THE TASK: The lines below from the one with "Technicien Territorial Principal" up to and including the one with "第9步、加白酒去腥(個人覺得烹煮鴨鵝時使用白酒比料酒去味效果更好)。" are what you should set down, exactly and without pictures.

RECORDS SHOWN:
>>>>>
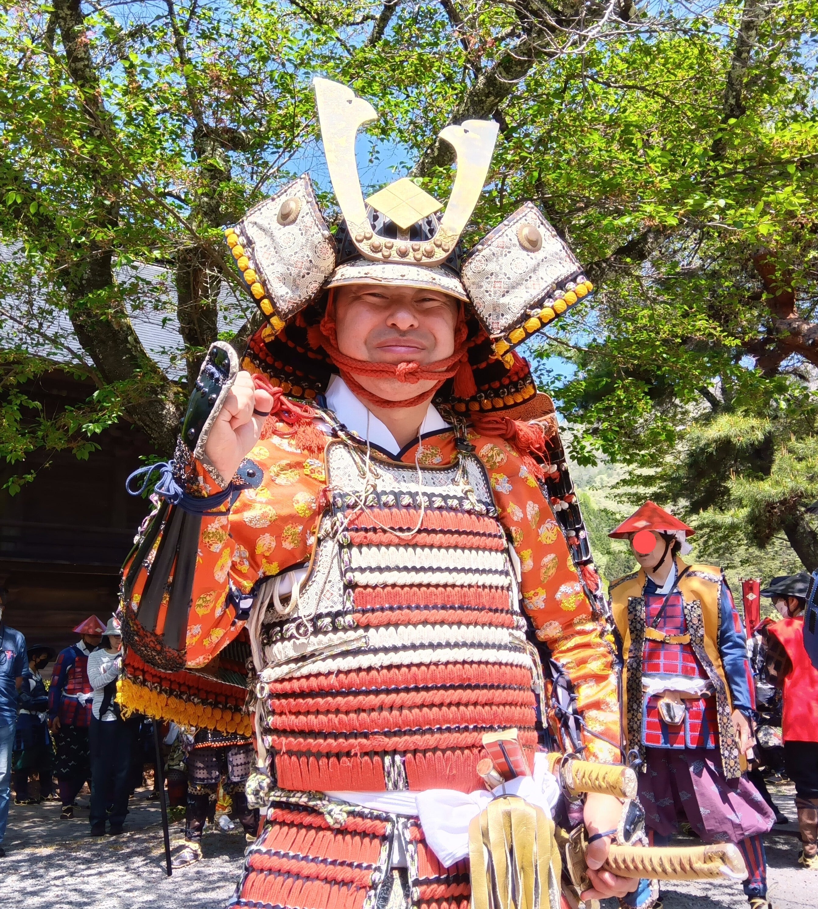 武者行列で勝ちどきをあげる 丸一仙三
<<<<<
>>>>>
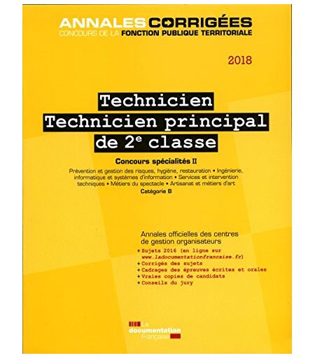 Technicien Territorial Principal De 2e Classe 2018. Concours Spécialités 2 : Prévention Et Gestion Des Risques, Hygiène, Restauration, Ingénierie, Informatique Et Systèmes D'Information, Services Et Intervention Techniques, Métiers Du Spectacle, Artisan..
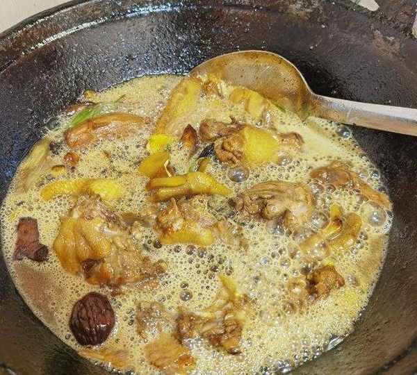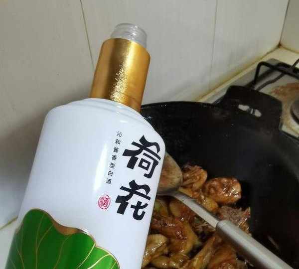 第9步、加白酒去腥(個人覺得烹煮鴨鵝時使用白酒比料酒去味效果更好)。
<<<<<
>>>>>
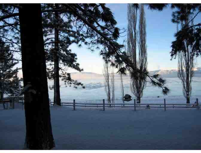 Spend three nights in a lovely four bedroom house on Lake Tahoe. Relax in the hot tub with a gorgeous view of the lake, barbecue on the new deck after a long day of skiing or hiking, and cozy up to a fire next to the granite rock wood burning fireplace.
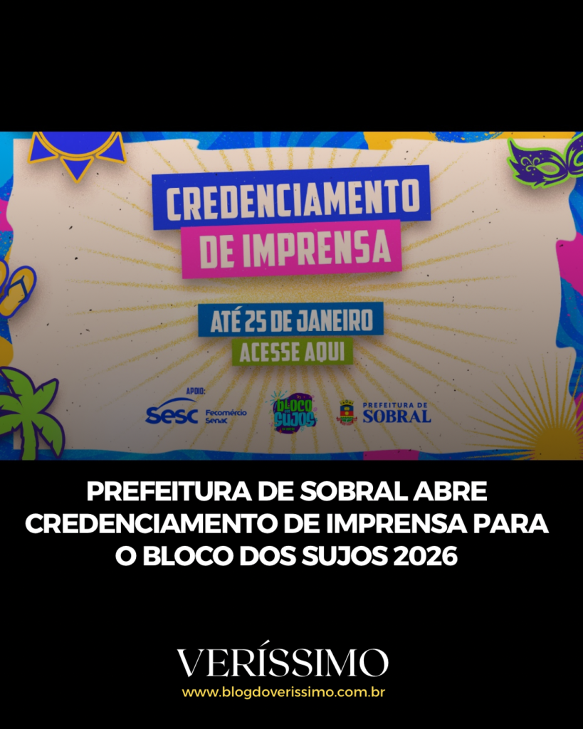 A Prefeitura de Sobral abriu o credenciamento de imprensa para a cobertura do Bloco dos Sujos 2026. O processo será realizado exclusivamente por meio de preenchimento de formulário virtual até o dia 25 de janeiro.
<<<<<
TASK RESPONSE:
 Technicien Territorial Principal De 2e Classe 2018. Concours Spécialités 2 : Prévention Et Gestion Des Risques, Hygiène, Restauration, Ingénierie, Informatique Et Systèmes D'Information, Services Et Intervention Techniques, Métiers Du Spectacle, Artisan..
 第9步、加白酒去腥(個人覺得烹煮鴨鵝時使用白酒比料酒去味效果更好)。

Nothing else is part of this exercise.